Целую крепко Вас и Зину.
Ваш Мур.
Адрес для телеграммы:
Татарская АССР.
Гор. Чистополь,
Почта – до востребования
Эфрону Г.С.
P.S. Не пишите писем – не доходят, долго идут.
Письмо Сеземану написано по-французски.
11. IX–41
Митя, дружище!
Я пишу тебе, чтобы сообщить, что моя мать покончила с собой – повесилась 31-го августа. У меня нет желания распространяться об этом: что сделано – то сделано. Все, что я могу тебе сказать по этому поводу, – это то, что она правильно поступила: у нее было достаточно поводов, и это было лучшим выходом из положения, и я полностью одобряю ее поступок.
После кошмарного пути я очутился в Чистополе, где находится много эвакуированных семейств писателей. Прожив некоторое время у Асеева и продав все оставшееся от матери имущество (примерно на 2000 рублей), я решил, несмотря на бомбежки и все прочее, отправиться в Москву. Я закончил все свои дела, добыл пропуск и подготовился к отъезду на этот раз по воде до Горького, но тут директор литфондовского Детдома мне сообщила[134], что на мое имя пришла телеграмма из Московского литфонда о зачислении меня в писательский Детдом, где содержатся дети всех возрастов и где я могу жить на полном пансионе, где меня будут «кормить, мыть и укладывать спать», а главное, я буду учиться в 9-м классе в школе вместе с другими писательскими детьми. И, обдумав все это, я решил остаться главным образом из-за школы, которую я здесь могу посещать, а в Москве «кто знает»?
Это решение мне стоило немалых усилий. Мне ужасно хотелось увидеть тебя, с тобой поговорить, увидеть Москву и Мулю – но всем этим я хладнокровно пожертвовал. Кроме того, я уверен, что на моем месте ты бы тоже остался.
Теперь мне хочется, чтобы ты знал следующее: какими бы ни были грядущие события, настанет день, когда я вернусь в Москву. На это будут направлены все мои усилия. Кроме того, вернется в Москву и весь Детдом (есть толк и от этих «детей знаменитостей»). И в этом случае я вернусь в Москву. Со своей стороны приложи все усилия, чтобы остаться в Москве, и в таком случае мы всенепременно встретимся.
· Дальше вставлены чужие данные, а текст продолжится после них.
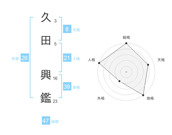 久田 興鑑さんを姓名の画数から五運を鑑定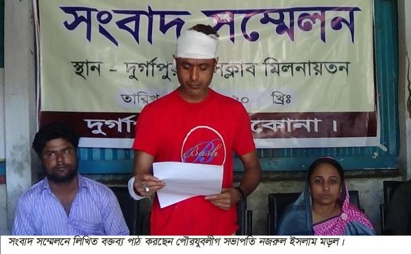 সংবাদ সম্মেলনে লিখিত বক্তব্য পাঠ করেন, সন্ত্রাসী হামলায় আহত যুবলীগ সভাপতি ও ড্রেজার বালু উত্তোলন ব্যাবসায়ী সমিতি নজরুল ইসলাম মড়ল। তিনি বলেন, সন্ত্রাসী মাজহারুল তাঁর দলবলসহ প্রকাশ্যে পিস্তল নিয়ে আমার উপর হামলা চালায়। বাজারে আতংক ছড়ানোর জন্য ৪টি ফাঁকা গুলি করে। তাঁর বাহিনীর তান্ডবে নাজিরপুর মোড়ে ওয়ার্কসপ ব্যাবসায়ী হযরত আলী, রিপন দে, আমজত খাঁ সহ একাধিক ব্যাক্তি আহত হয়।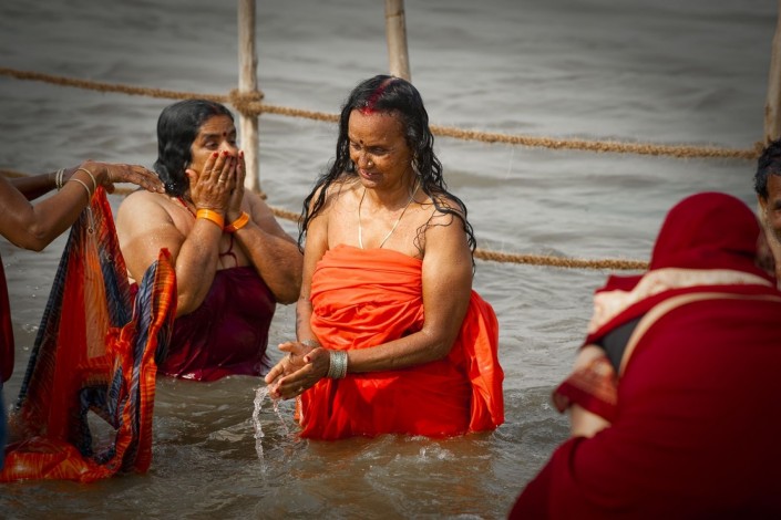 Первыми в воду заходят обнаженные отшельники наги, затем другие верующие. В фестивале участвуют адепты самых разных, порой экзотических форм индуистских верований. Люди верят в чудодейственную силу обряда омовения и на протяжении вот уже многих веков исполняют это предписание.

Я тебя очень прошу послать в Чистополь телеграмму с сообщением, где ты живешь. Мне чрезвычайно важно не потерять тебя из виду. Очень тебя прошу. А сейчас хочу сказать тебе до свидания, старина. Что бы ни случилось, все будет хорошо, и мы встретимся. Надеюсь, и на нашей улице будет праздник!
Жму твою лапу.
Твой друг Мур.
P.S. He пиши писем – они слишком долго идут.
Адрес: Татарская АССР, гор. Чистополь,
Почта – до востребования.
Эфрону Г.С.
Я знаю, на некоторых эти письма могут произвести удручающее впечатление – так писать о гибели матери, и о такой трагической гибели! Так холодно, рассудительно! Ни отчаяния, ни слез, ни горя, просто констатация факта: «Что сделано – то сделано», «Я ее вполне понимаю и оправдываю…» И все. И тут же о себе, о стирке, о глажке, о продаже вещей, ее вещей… Какая черствость, какой эгоизм!
Но может быть, стоит вспомнить – письма эти пишет мальчишка, который так старался и старается казаться взрослым, быть мужчиной! Особенно в этом письме, к товарищу по болшевской даче, который сам потерял и мать и отчима… Мур горд, самолюбив, он не хочет, чтобы его жалели, чтобы сочувствовали. Он замкнулся, он не подпускает к себе даже близких. Легче ли ему от этого? А то, что он упоминает о стирке, о глажке, о деньгах, то ведь весь этот быт так внезапно обрушился на него. И потом давно замечено: когда с нами стряслась беда, как часто говорим мы именно о таких вот пустяках, которые, казалось бы, не к месту, не ко времени! Мы словно бы заговариваем самих себя, словно бы ничего такого и не произошло, – пытаемся еще скользить по поверхности, стараясь зацепиться за что только возможно, боясь той устрашающей и погибельной пустоты, которая образовалась внутри нас. Я знала одну писательницу, которая, похоронив ребенка, брела по улице и зашла в кино… Что она там видела? Должно быть, то же, что и я, когда через несколько дней после похорон мужа, заметив на письменном столе билеты на премьеру Вишневского «Оптимистическая трагедия», на которую мы должны были пойти вдвоем, пошла одна… В театре от меня шарахались те, кто были на похоронах, и чего только обо мне потом не говорилось… А мне было так плохо, как, может быть, никогда в жизни! Зачем я пошла? На это я и теперь не могу дать ответа… А Мур, когда увезли тело Марины Ивановны, стал гладить брюки, к величайшему негодованию хозяйки, и переоделся в костюм. Но он ведь пришел с земляных работ… И смеем ли мы судить и осуждать? Каждый несчастен по-своему. А Мур был очень несчастен.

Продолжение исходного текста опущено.